The records:
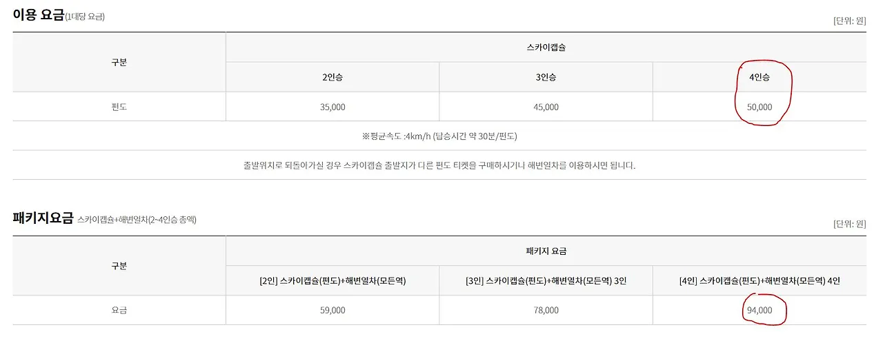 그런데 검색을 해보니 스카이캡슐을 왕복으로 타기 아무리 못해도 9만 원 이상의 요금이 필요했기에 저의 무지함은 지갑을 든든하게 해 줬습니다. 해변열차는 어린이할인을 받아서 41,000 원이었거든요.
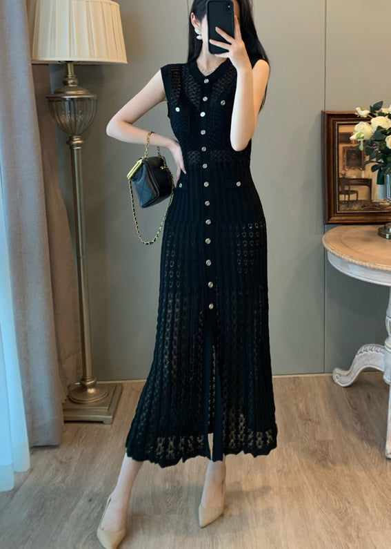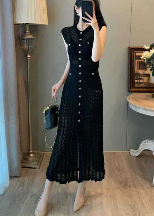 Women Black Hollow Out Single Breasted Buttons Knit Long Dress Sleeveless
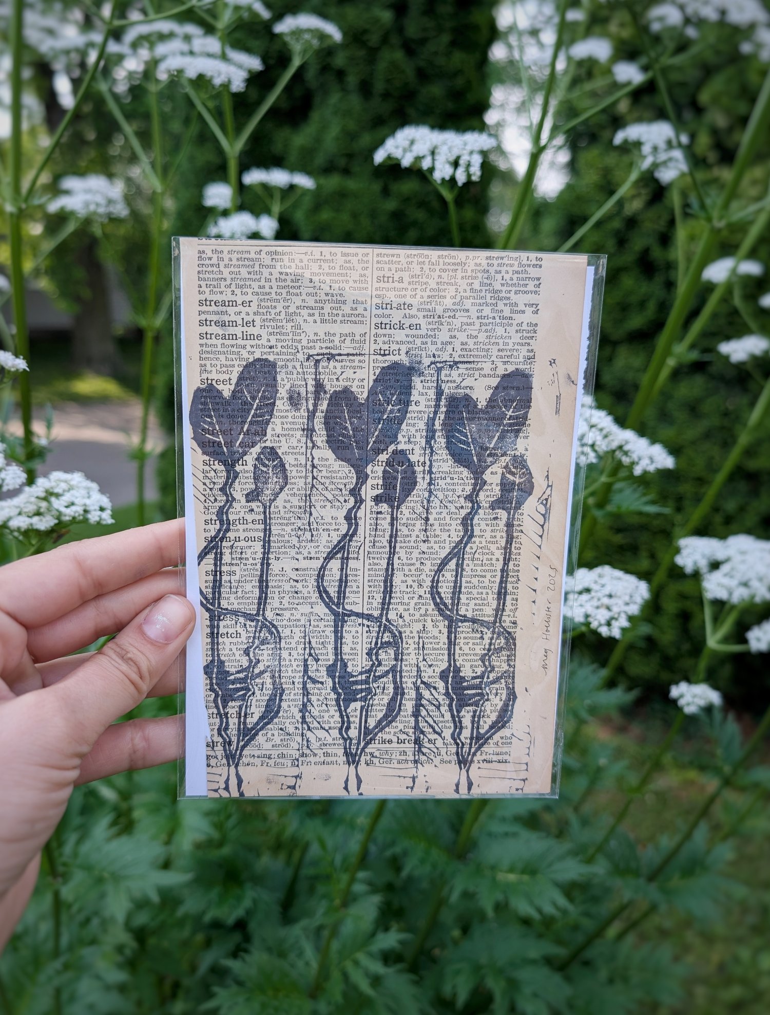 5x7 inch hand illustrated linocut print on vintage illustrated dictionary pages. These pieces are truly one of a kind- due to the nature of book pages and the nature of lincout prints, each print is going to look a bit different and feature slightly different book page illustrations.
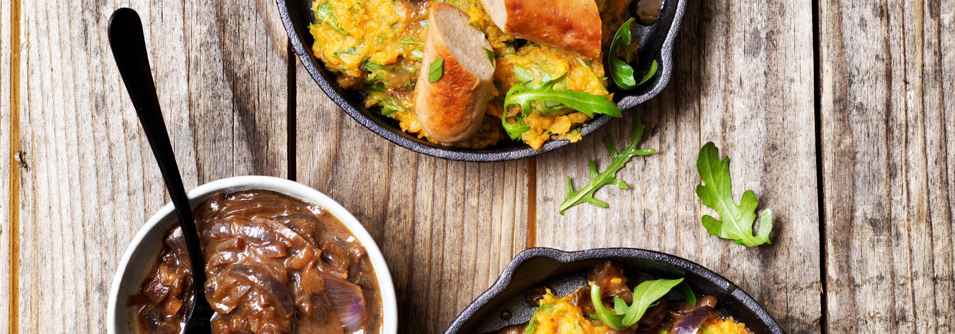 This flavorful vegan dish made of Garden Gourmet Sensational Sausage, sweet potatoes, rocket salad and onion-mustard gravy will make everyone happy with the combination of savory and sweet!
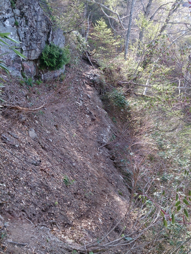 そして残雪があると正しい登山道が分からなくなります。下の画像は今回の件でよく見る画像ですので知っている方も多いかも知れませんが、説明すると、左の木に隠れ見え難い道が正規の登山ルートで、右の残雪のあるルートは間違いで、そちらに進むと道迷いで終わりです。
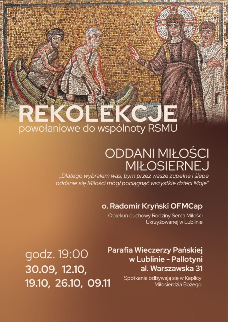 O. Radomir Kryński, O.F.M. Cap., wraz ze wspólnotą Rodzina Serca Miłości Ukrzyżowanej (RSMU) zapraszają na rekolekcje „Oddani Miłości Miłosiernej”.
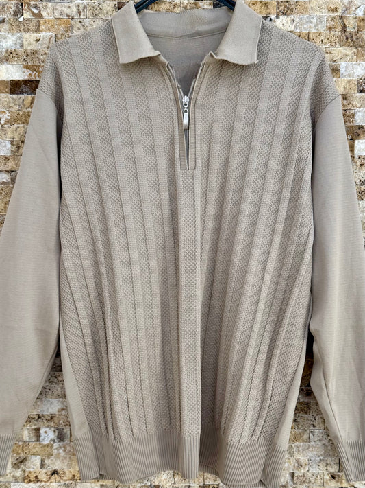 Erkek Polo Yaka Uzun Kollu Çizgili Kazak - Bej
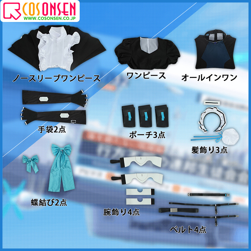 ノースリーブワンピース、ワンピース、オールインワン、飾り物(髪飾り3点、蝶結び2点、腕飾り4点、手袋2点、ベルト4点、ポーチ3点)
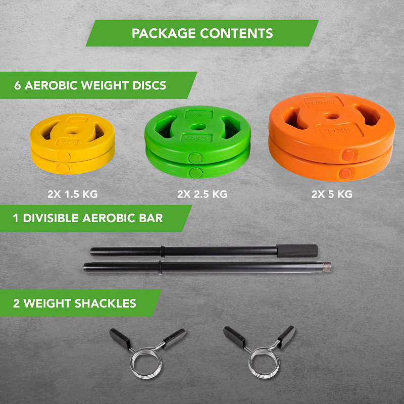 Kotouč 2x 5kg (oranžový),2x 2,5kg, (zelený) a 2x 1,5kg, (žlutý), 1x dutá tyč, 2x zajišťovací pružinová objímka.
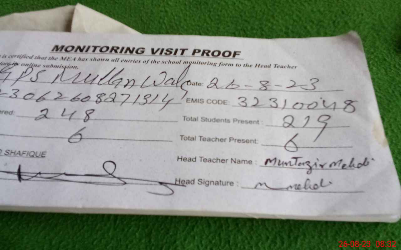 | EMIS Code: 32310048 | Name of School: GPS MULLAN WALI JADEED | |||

What is needed: Set out exactly, and only, the lines between the first line of the listing and the line containing "ノースリーブワンピース、ワン", counting both, while leaving every picture out.

Output of the task:
 그런데 검색을 해보니 스카이캡슐을 왕복으로 타기 아무리 못해도 9만 원 이상의 요금이 필요했기에 저의 무지함은 지갑을 든든하게 해 줬습니다. 해변열차는 어린이할인을 받아서 41,000 원이었거든요.
 Women Black Hollow Out Single Breasted Buttons Knit Long Dress Sleeveless
 5x7 inch hand illustrated linocut print on vintage illustrated dictionary pages. These pieces are truly one of a kind- due to the nature of book pages and the nature of lincout prints, each print is going to look a bit different and feature slightly different book page illustrations.
 This flavorful vegan dish made of Garden Gourmet Sensational Sausage, sweet potatoes, rocket salad and onion-mustard gravy will make everyone happy with the combination of savory and sweet!
 そして残雪があると正しい登山道が分からなくなります。下の画像は今回の件でよく見る画像ですので知っている方も多いかも知れませんが、説明すると、左の木に隠れ見え難い道が正規の登山ルートで、右の残雪のあるルートは間違いで、そちらに進むと道迷いで終わりです。
 O. Radomir Kryński, O.F.M. Cap., wraz ze wspólnotą Rodzina Serca Miłości Ukrzyżowanej (RSMU) zapraszają na rekolekcje „Oddani Miłości Miłosiernej”.
 Erkek Polo Yaka Uzun Kollu Çizgili Kazak - Bej
 ノースリーブワンピース、ワンピース、オールインワン、飾り物(髪飾り3点、蝶結び2点、腕飾り4点、手袋2点、ベルト4点、ポーチ3点)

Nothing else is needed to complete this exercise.